** Exercise data follows **

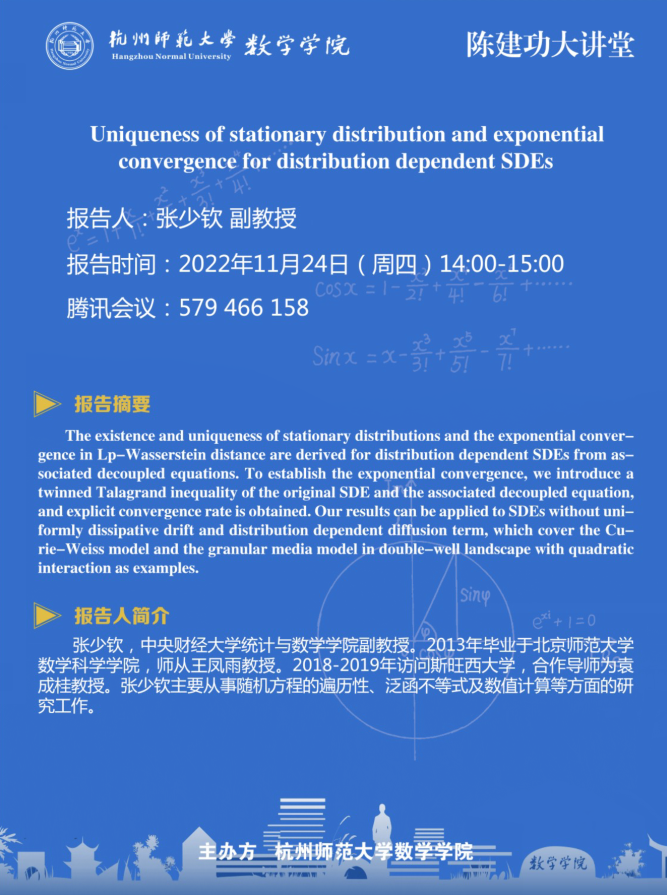 陈建功大讲堂:Uniqueness of stationary distribution and exponential convergence for distribution dependent SDEs
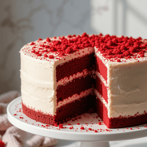 The vibrant red hue, the silky texture, the heavenly aroma of cream cheese frosting—this cake doesn’t just taste amazing; it’s a feast for the eyes and nose, too. It’s a showstopper for celebrations and a soul-soother for cozy nights in.
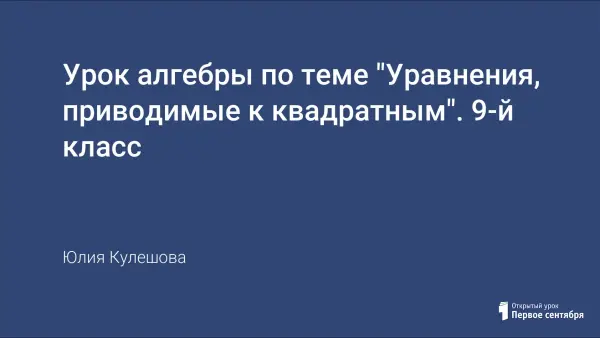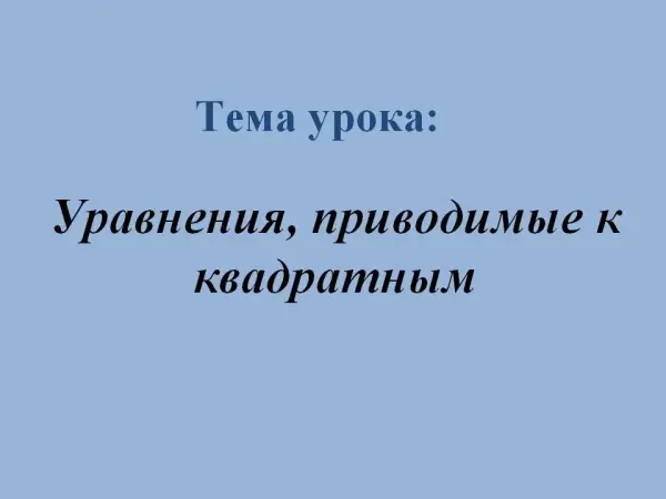 Урок алгебры в 9-м классе на повторение способов решения уравнений, приводимых к квадратным. Урок способствовует выработке навыка решения уравнений с помощью введения вспомогательной переменной, обеспечивает провку усвоения темы на базовом уровне, а также обучает умению работать с тестовыми заданиями.
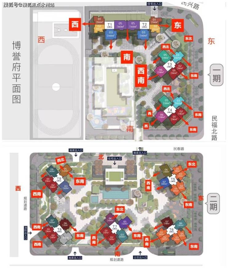 【鸿荣源博誉府】共9栋,一期T1-T4,二期T5-T9栋,共1758户(一期772套,二期986套),有82套保障性住房,二期有约85-126㎡3-4房。

** End of Exercise data **

Please print all the lines above exactly as given and leave out every picture.

**Response**
 陈建功大讲堂:Uniqueness of stationary distribution and exponential convergence for distribution dependent SDEs
 The vibrant red hue, the silky texture, the heavenly aroma of cream cheese frosting—this cake doesn’t just taste amazing; it’s a feast for the eyes and nose, too. It’s a showstopper for celebrations and a soul-soother for cozy nights in.
 Урок алгебры в 9-м классе на повторение способов решения уравнений, приводимых к квадратным. Урок способствовует выработке навыка решения уравнений с помощью введения вспомогательной переменной, обеспечивает провку усвоения темы на базовом уровне, а также обучает умению работать с тестовыми заданиями.
 【鸿荣源博誉府】共9栋,一期T1-T4,二期T5-T9栋,共1758户(一期772套,二期986套),有82套保障性住房,二期有约85-126㎡3-4房。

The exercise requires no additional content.